### Extracted information
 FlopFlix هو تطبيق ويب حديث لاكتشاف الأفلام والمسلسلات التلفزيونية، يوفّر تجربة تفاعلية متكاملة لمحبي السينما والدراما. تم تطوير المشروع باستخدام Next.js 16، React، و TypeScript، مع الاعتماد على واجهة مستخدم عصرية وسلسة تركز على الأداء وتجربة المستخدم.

...

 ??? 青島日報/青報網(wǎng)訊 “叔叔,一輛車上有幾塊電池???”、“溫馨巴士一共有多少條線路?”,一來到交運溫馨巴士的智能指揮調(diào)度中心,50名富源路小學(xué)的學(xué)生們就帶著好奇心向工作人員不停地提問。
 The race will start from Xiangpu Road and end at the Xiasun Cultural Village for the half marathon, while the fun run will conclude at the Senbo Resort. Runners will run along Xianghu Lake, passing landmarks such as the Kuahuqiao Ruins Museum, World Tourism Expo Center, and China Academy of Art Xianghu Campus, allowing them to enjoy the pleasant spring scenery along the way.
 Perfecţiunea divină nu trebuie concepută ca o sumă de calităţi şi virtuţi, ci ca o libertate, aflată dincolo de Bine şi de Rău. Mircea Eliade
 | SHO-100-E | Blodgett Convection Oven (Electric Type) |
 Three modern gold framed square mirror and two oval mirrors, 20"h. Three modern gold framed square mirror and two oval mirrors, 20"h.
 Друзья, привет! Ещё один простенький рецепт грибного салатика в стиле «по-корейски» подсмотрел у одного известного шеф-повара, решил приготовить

### To do
Above are some lines. Repeat exactly, and only, those from the line that has "Perfecţiunea divină nu" through the line that has "Друзья, привет! Ещё".

### Answer to this task
 Perfecţiunea divină nu trebuie concepută ca o sumă de calităţi şi virtuţi, ci ca o libertate, aflată dincolo de Bine şi de Rău. Mircea Eliade
 | SHO-100-E | Blodgett Convection Oven (Electric Type) |
 Three modern gold framed square mirror and two oval mirrors, 20"h. Three modern gold framed square mirror and two oval mirrors, 20"h.
 Друзья, привет! Ещё один простенький рецепт грибного салатика в стиле «по-корейски» подсмотрел у одного известного шеф-повара, решил приготовить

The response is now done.